In another embodiment, the invention relates to methods for treating patients with systemic sclerosis, including patients with diffuse cutaneous systemic sclerosis (dcSSc) and vasculopathy, wherein the treatment produces an improvement in:

    
    
        absolute change from baseline in the FACIT—Fatigue Scale score at Week 48,
        absolute change from baseline in SSPRO score at Week 48,
        absolute change from baseline in EQ-5D-5L score at Week 48,
        absolute change from baseline in Worst Pain NRS at Week 48,
        absolute change from baseline in the six individual SHAQ domain scores (pain, intestinal
        problems, respiratory problems, RP, finger ulcers, disease severity) at Week 48, PGIC score at Week 48,
        change from baseline in DLCO in percent predicted at Week 48,
        Global Rank Composite Score (GRCS) at the end of the extended treatment period or at the end of the 48-week primary assessment treatment period versus patients who do not participate in the extended treatment period,
        annual rate of decline in FVC (mL) over the Primary Assessment Treatment Period and extended treatment period
        change from baseline in presence or absence tendon friction rubs at Week 48,
        change from baseline in joint involvement (tender and swollen joint count—28) at Week 48, and/or
        absolute change from baseline in RCS at Week 48.
    
    


Patients being treated with the sGC activator of the invention may be treated with one or more additional therapeutic agents. Nonlimiting examples of such one or more additional therapeutic agents include cyclophosphamide, mycophenolate mofetil, tocilizumab, nintedanib and prednisone.
Clinical Trial Protocol
Clinical Trial
The below describes a clinical trial protocol directed to treatment of patients with early progressive dcSSc and vasculopathy. The trial will assess the efficacy, safety, and tolerability of the compounds of the invention compared with placebo on a background of local standard of care (SOC) therapy in adult patients with early progressive dcSSc and vasculopathy.
Diffuse cutaneous systemic sclerosis (dcSSc) is a subtype of systemic scleroderma (systemic sclerosis) and is characterized by skin hardening (fibrosis) and problems in many organs of the body. Symptoms include Raynaud's phenomenon; skin fibrosis beginning on the fingers and face that rapidly becomes generalized; “spider veins” (telangiectasias) on the thorax, face, lips, tongue, and fingers; gastroesophageal reflux; and difficulty eating (dysphagia) along with weight loss, vomiting, diarrhea or constipation.
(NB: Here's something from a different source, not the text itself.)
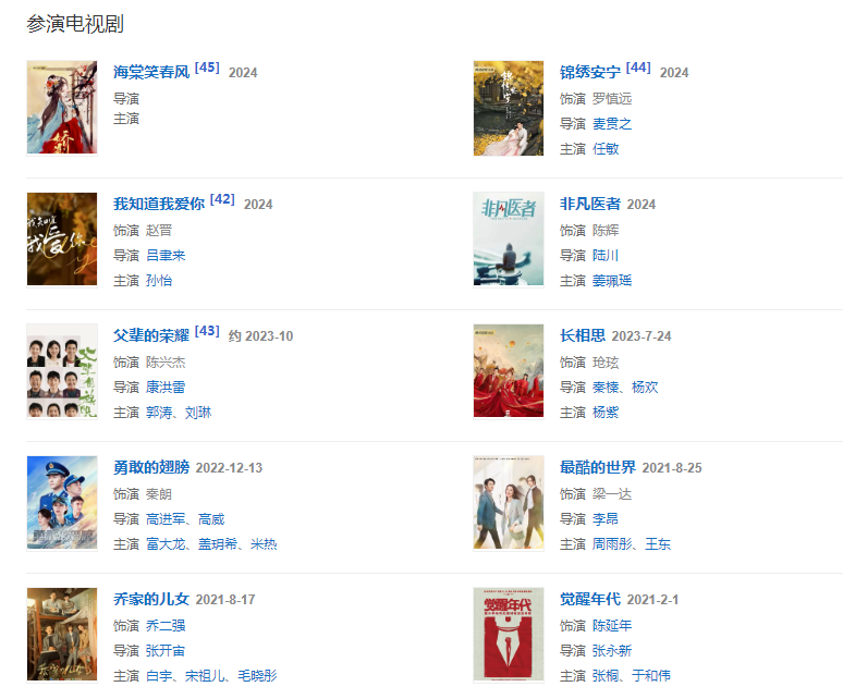 代表作品:覺醒年代、喬家的兒女、長相思

Dry mouth and dental involvement can occur. Joint pain (arthralgias), muscular pain, weakness, cramps, and destruction of the tips of the fingers or toes (acroosteolysis) are frequent. More serious problems involving the lung and kidneys may also occur. The exact cause of the condition is unknown.
Trial Objectives and Endpoints
Main objectives: This trial will assess the efficacy, safety, and tolerability of Compound 114 3 mg TID compared with placebo on a background of local SOC therapy in adult patients with early progressive dcSSc and vasculopathy.
The primary objective is to demonstrate superiority of Compound 114 at a target dose of 3 mg TID over placebo based on the mean difference in annual rate of decline in FVC over 48 weeks. The treatment effect of primary interest will be based on all randomised patients including the effects of any changes of treatment, i.e., a treatment policy strategy will be used.
Secondary objectives are to demonstrate superiority of Compound 114 over placebo for absolute change from baseline in mRSS, FVC (% predicted), patient and physician global assessment, HAQ-DI, RP activity), and DU net burden at Week 48, the ACR-CRISS, revised CRISS and for time to treatment failure. Additional objectives are to evaluate safety, PK, PD, and exploratory biomarkers.
Primary endpoint: The primary endpoint is the rate of decline in FVC (mL) over 48 weeks.
Key secondary endpoints include:

    
    
        Absolute change from baseline in mRSS at Week 48
        Revised CRISS score at Week 48 (Achievement of ≥20% improvement from
        baseline to Week 48 in at least 3 of the 5 core set measures, except ≥5% in FVCpercent predicted)
        Absolute change from baseline in HAQ-DI score at Week 48
    
    


Secondary endpoints as follows:

    
    
        ACR-CRISS score at Week 48
        Absolute change from baseline in FVC (% predicted) at Week 48
        Absolute change from baseline in the PGA VAS score at Week 48
        Absolute change from baseline in the CGA VAS score at Week 48
        Composite measure of RP activity at Week 48
        Absolute change from baseline in DU net burden at Week 48
        Time to treatment failure, defined as the time to one of the following events (whichever occurs first) occurring over the 48-week and extended treatment period:
        
            death,
            absolute decline in percent-predicted FVC≥10% relative to baseline,
            ≥25% increase in mRSS and an increase in mRSS of >5 points,
            initiation or dose change of immunomodulating/immunosuppressive therapy for clinically significant deterioration of dcSSc as outlined herein.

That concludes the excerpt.